┌─ WORKING DATA

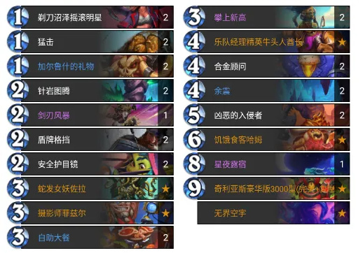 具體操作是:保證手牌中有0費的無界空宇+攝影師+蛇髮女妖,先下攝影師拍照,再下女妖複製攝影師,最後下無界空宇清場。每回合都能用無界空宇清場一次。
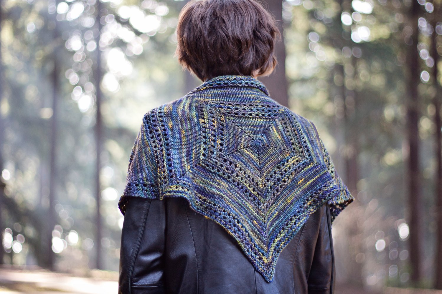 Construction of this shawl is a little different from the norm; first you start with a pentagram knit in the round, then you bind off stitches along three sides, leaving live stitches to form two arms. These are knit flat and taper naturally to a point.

└─
┌─ WORKING DATA

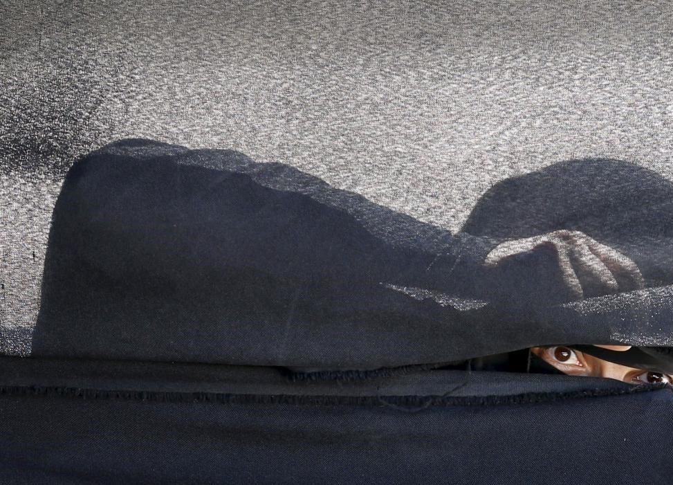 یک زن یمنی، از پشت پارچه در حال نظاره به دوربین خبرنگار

└─

* _PROBLEM STATEMENT_: Set down exactly the lines above, from the line containing "具體操作是:保證手牌中有0費" through the line containing "Construction of this". Skip the pictures.

* _RESULT OF THIS TASK_:
 具體操作是:保證手牌中有0費的無界空宇+攝影師+蛇髮女妖,先下攝影師拍照,再下女妖複製攝影師,最後下無界空宇清場。每回合都能用無界空宇清場一次。
 Construction of this shawl is a little different from the norm; first you start with a pentagram knit in the round, then you bind off stitches along three sides, leaving live stitches to form two arms. These are knit flat and taper naturally to a point.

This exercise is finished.